*WHAT THIS TASK INVOLVES:* The lines to return run from the one containing "An AI policy" through the end of the material; give them exactly and leave out the pictures.

*EXERCISE DATA:*
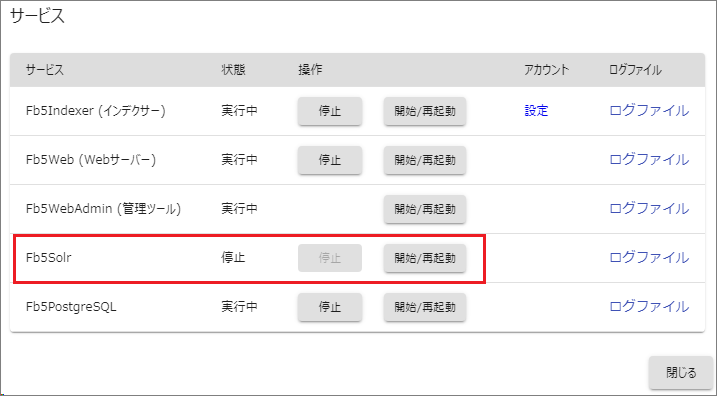検索サービス(Fb5Solr)が停止している可能性があります。
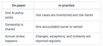 An AI policy without working controls is like a fire alarm with no one assigned to respond.
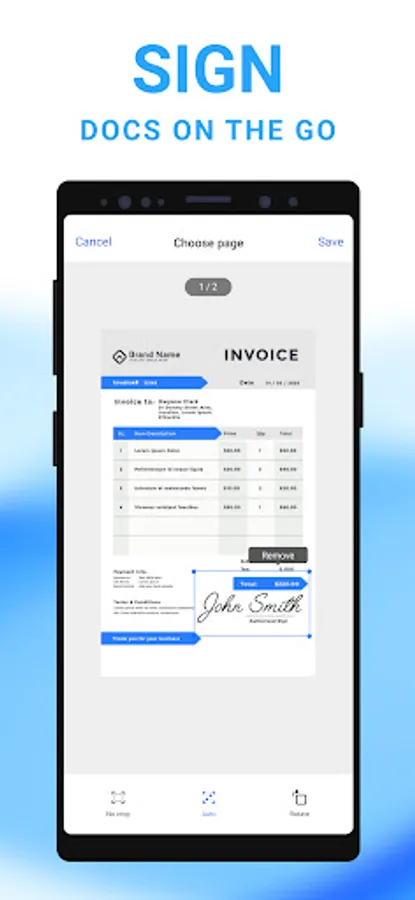 - Sign your scans manually or add signatures for the document.
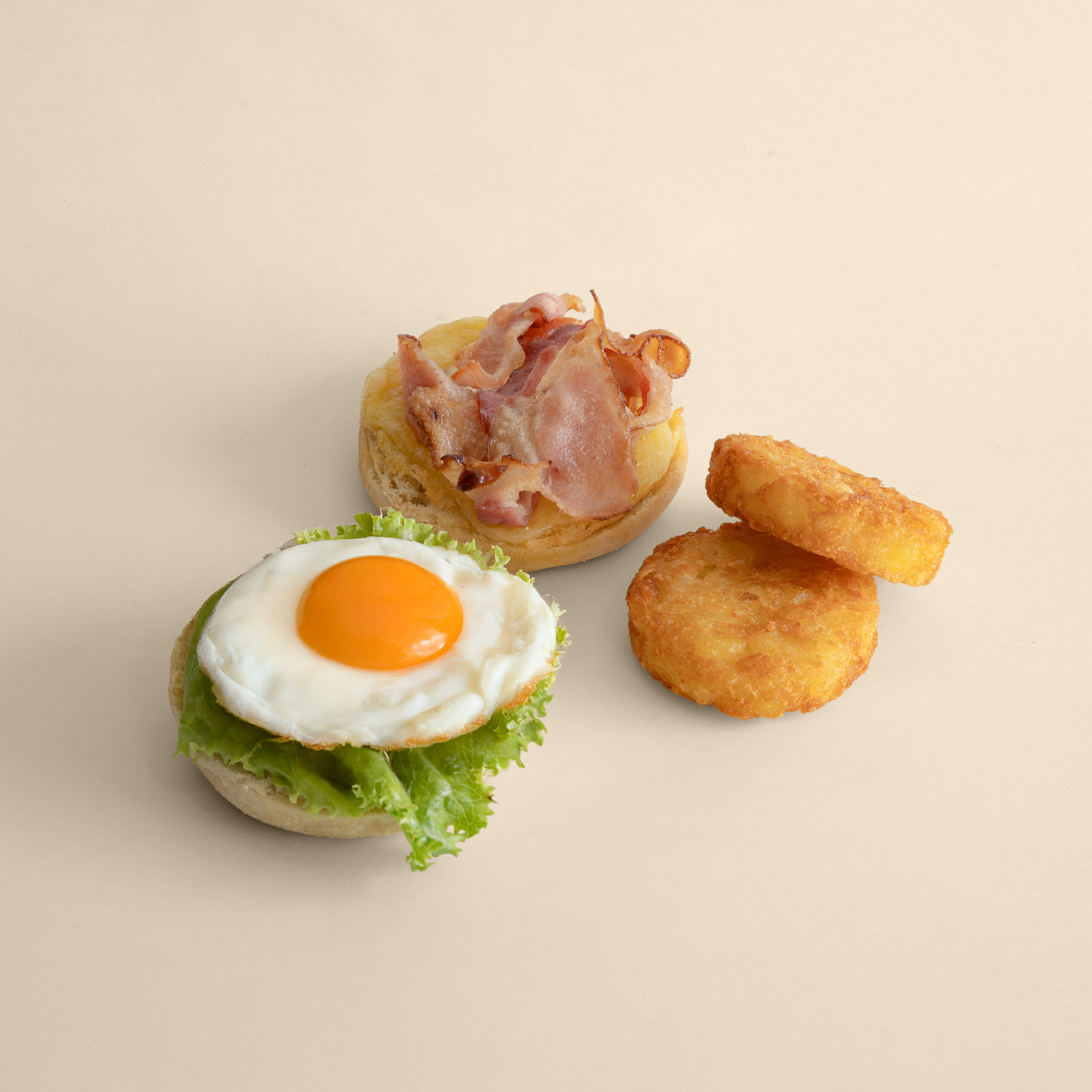 Muffin ligeramente tostado, mantequilla clarificada, huevo frito, tocineta y queso Suizo, acompañado de papas en gajo o hash brown
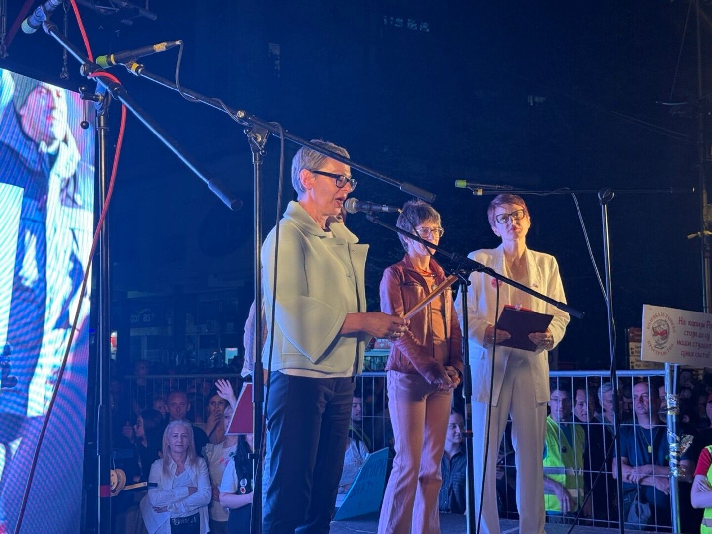 […] Али ово више није само протест студената. Тачно је, ви сте укресали искру у обамрло биће народа, узели сте на себе улогу оног преосталог дела свести и савести, а онда је почело буђење. Буђење које нас суочава с болом, али тај бол је неопходан, као што бива после сваке анестезије. Започели сте процес лечења гангренозног друштвеног ткива. То лечење није једноставно и до оздрављења се не може преко ноћи. Трајаће.

*TASK SOLUTION:*
 An AI policy without working controls is like a fire alarm with no one assigned to respond.
 - Sign your scans manually or add signatures for the document.
 Muffin ligeramente tostado, mantequilla clarificada, huevo frito, tocineta y queso Suizo, acompañado de papas en gajo o hash brown
 […] Али ово више није само протест студената. Тачно је, ви сте укресали искру у обамрло биће народа, узели сте на себе улогу оног преосталог дела свести и савести, а онда је почело буђење. Буђење које нас суочава с болом, али тај бол је неопходан, као што бива после сваке анестезије. Започели сте процес лечења гангренозног друштвеног ткива. То лечење није једноставно и до оздрављења се не може преко ноћи. Трајаће.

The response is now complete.